START TASK INPUT

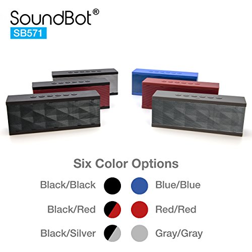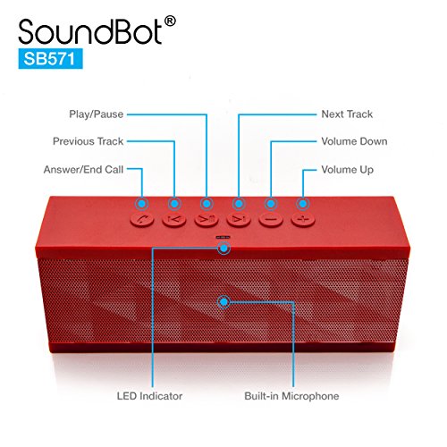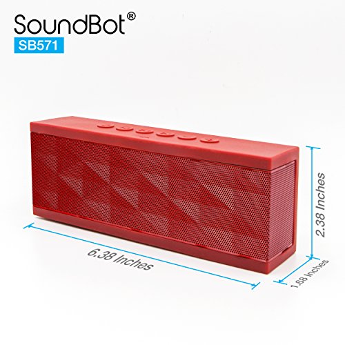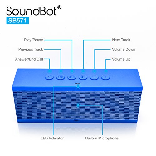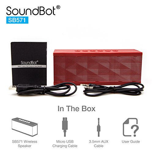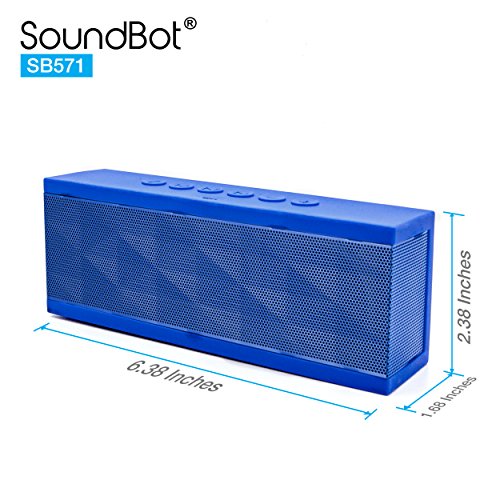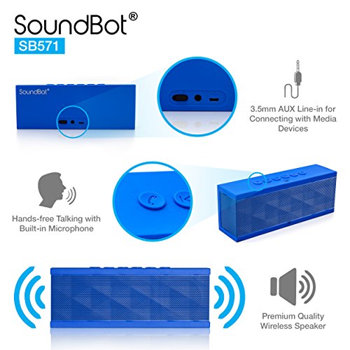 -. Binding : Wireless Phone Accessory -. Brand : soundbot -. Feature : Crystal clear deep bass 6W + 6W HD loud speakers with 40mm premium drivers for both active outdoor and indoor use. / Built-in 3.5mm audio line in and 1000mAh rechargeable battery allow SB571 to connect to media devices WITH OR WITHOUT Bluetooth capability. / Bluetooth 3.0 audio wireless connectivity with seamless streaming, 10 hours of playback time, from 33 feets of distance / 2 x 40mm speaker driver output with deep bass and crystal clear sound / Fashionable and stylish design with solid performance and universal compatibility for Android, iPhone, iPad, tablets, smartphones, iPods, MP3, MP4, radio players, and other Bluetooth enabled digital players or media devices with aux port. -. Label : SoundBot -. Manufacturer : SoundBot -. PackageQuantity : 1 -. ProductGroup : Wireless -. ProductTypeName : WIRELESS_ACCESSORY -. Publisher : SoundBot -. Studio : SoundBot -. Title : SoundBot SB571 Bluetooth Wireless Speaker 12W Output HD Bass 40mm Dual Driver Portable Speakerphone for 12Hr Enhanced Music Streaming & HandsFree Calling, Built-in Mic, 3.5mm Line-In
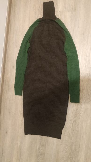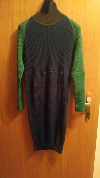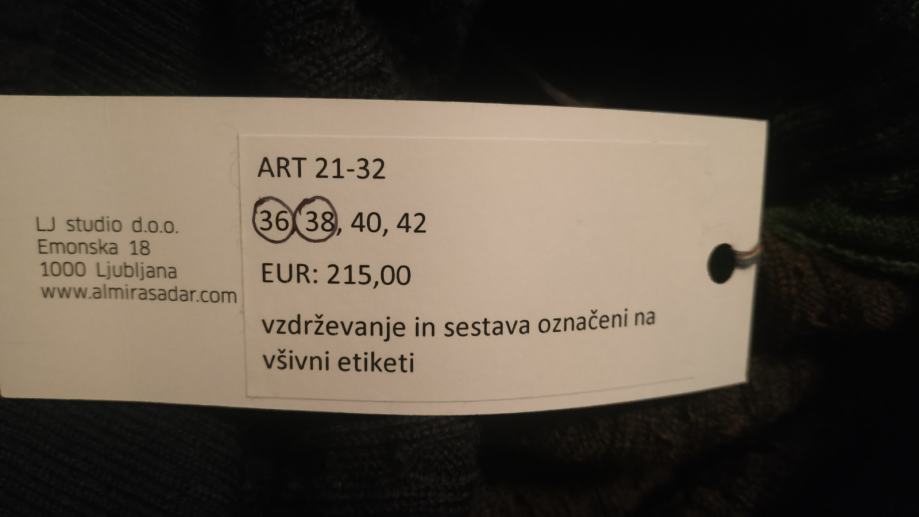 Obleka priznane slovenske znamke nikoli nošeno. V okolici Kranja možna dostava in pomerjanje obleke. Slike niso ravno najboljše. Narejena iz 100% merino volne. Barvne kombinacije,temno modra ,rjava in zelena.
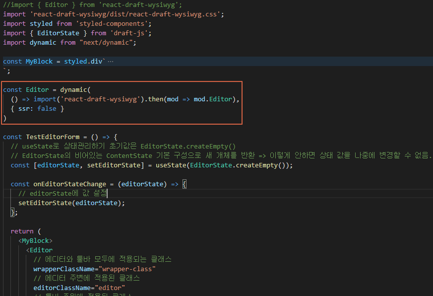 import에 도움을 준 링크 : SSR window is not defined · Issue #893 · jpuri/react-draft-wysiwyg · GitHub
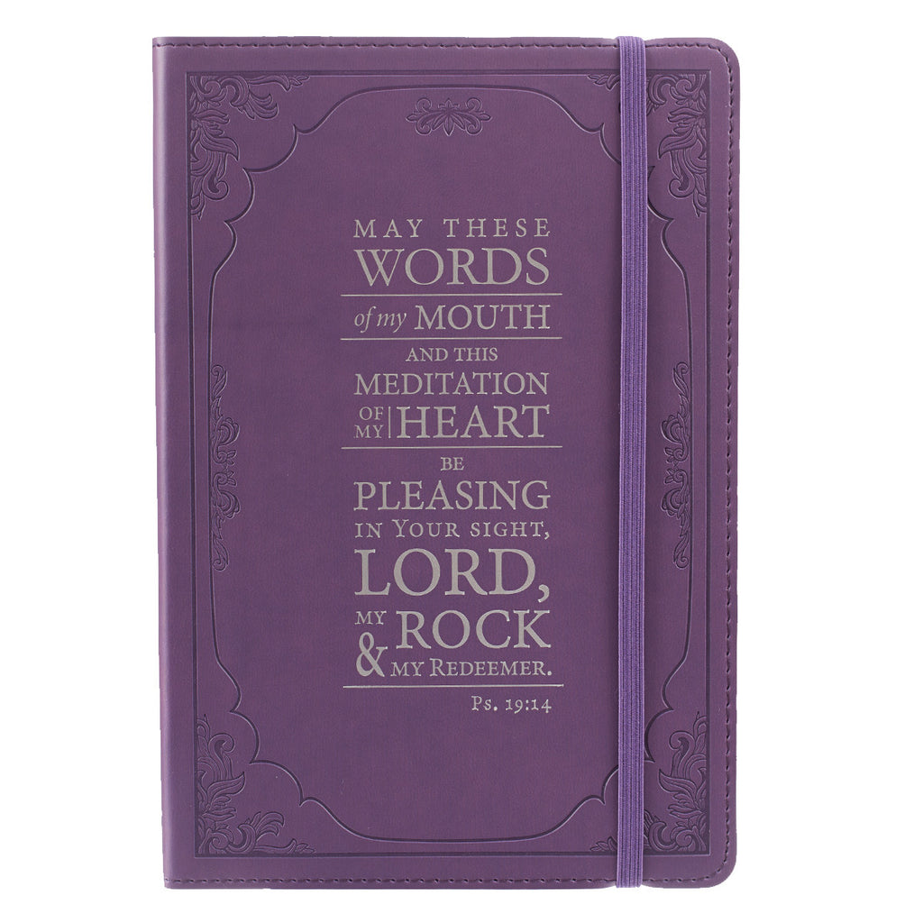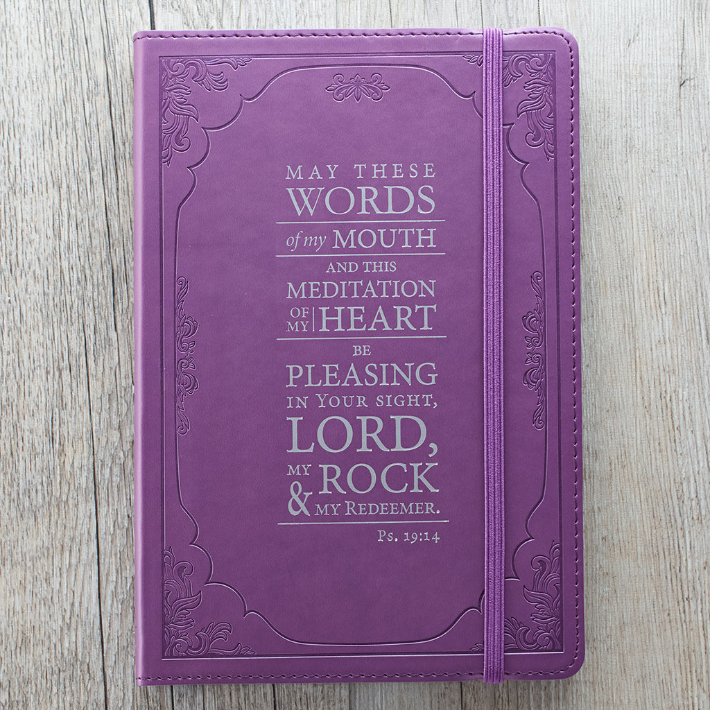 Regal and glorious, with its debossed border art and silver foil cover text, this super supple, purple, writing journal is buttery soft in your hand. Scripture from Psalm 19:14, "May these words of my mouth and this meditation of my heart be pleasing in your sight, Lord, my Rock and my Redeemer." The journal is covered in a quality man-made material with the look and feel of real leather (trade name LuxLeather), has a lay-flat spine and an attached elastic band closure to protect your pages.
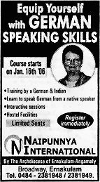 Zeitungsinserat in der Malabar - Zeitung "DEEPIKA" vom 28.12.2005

END TASK INPUT

WHAT THIS TASK INVOLVES — In the records above, find the line that contains "import에 도움을 준". Print it and every later line exactly, omitting the pictures.

RESPONSE —
 import에 도움을 준 링크 : SSR window is not defined · Issue #893 · jpuri/react-draft-wysiwyg · GitHub
 Regal and glorious, with its debossed border art and silver foil cover text, this super supple, purple, writing journal is buttery soft in your hand. Scripture from Psalm 19:14, "May these words of my mouth and this meditation of my heart be pleasing in your sight, Lord, my Rock and my Redeemer." The journal is covered in a quality man-made material with the look and feel of real leather (trade name LuxLeather), has a lay-flat spine and an attached elastic band closure to protect your pages.
 Zeitungsinserat in der Malabar - Zeitung "DEEPIKA" vom 28.12.2005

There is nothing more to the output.